References to the movie and its central theme recur throughout Cold Moon. Stated most succinctly early in the book when he writes: "I believe in life. I believe in love. I believe we are responsible for each other."
In this book, Rosenblatt frequently turns to the natural world for analogies to illustrate and explore life, his and others. Early on, he writes:
When we lament that we’ve lost our connection to nature, to the natural world, what does that mean, exactly? What are we missing? It has to do with the nature of nature, I think, which is stoic and steady. While I yearn and jump about, the sea out there is just out there. It goes about its business, its sea business, unaware of and uninterested in the frantic little boats that ride it. Why do we lament that we’ve lost our connection to the sea? Because the sea, for all its rock and roll and danger, knows itself, accepts itself, and that’s its value. Nature fills the background of our lives with a self-reliant peace. What are we missing? Peace.
His specific references to the natural world in Cold Moon are many. Two, in particular, have stayed with me.
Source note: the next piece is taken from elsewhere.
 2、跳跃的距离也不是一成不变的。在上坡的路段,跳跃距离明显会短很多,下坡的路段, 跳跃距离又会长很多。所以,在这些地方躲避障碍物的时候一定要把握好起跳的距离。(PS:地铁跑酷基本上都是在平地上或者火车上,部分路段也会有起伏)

He describes the life cycle of the Kemp's ridley sea turtles in which just a few of these small turtles, beset on all sides by mortal dangers, manage to beat the odds to be born, to survive a long and arduous trek through the ocean, and to complete the circle returning to their home beach, thereby keeping the species alive. Rosenblatt writes, "In turtles and people, certain instincts are lifesavers."
He recounts the symbiotic relationship between a particular beetle and the mimosa tree in which the beetle cuts a slit into a branch of the tree to lay its eggs, a process which ultimately kills tissue in the branch causing it to fall, releasing the newly hatched beetles to look for other trees. It's a process that prunes the tree promoting its health. "Tree and beetle cannot get along without each other. . . . They are responsible for each other."
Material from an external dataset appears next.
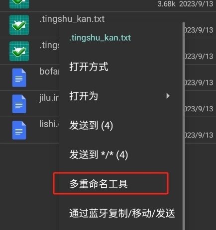 接着长按任意文件调出菜单,从中选择【多重命名工具】这个选项。

Of course, the very title of the book signals a deep relationship to the natural world. On December 20, 2019, at midnight, Rosenblatt observes a full moon rising over the ocean and beach:
This is the Cold Moon, also identified as the Long Night’s Moon, the last before the winter solstice. My weathered mind flicks to my own winter solstice, the coming of my wintertime
There are rewards to be earned by pausing over, contemplating, and exploring Rosenblatt's references. So it is with the name Cold Moon. In keeping with the spirit of the work, there's a universality at play here. This particular full moon at the end of the year carries different names drawn from different cultures. It's not just the Cold Moon or the Long Night's Moon, but also the Frost Moon and the Winter Moon. In early Europe, it was known as the Moon Before Yule and the Oak Moon. This moon is also an integral part of the Hindu festivals of Datta Jayanti and Karthika Deepam. (Gordon Johnston, The Next Full Moon is the Cold Moon, Skywatching, NASA, December 9, 2024.)
Explicit messages in the book for old age? He offers a few. Contemplating his face, he muses, with a touch of sarcasm:
Old age is the only purely realistic stage of life. The stage when one is glad to inhabit the Gobi desert and quietly celebrate the cracks. Every crack a Gobi rushing river in the driest terrain. The cool example of old age. Who would condescend to pardon such stunning, breathtaking beauty?
He also offers this moving paradox:
We will never again be what we were. I am that sentiment. We will be what we were, always. I am that sentiment, too.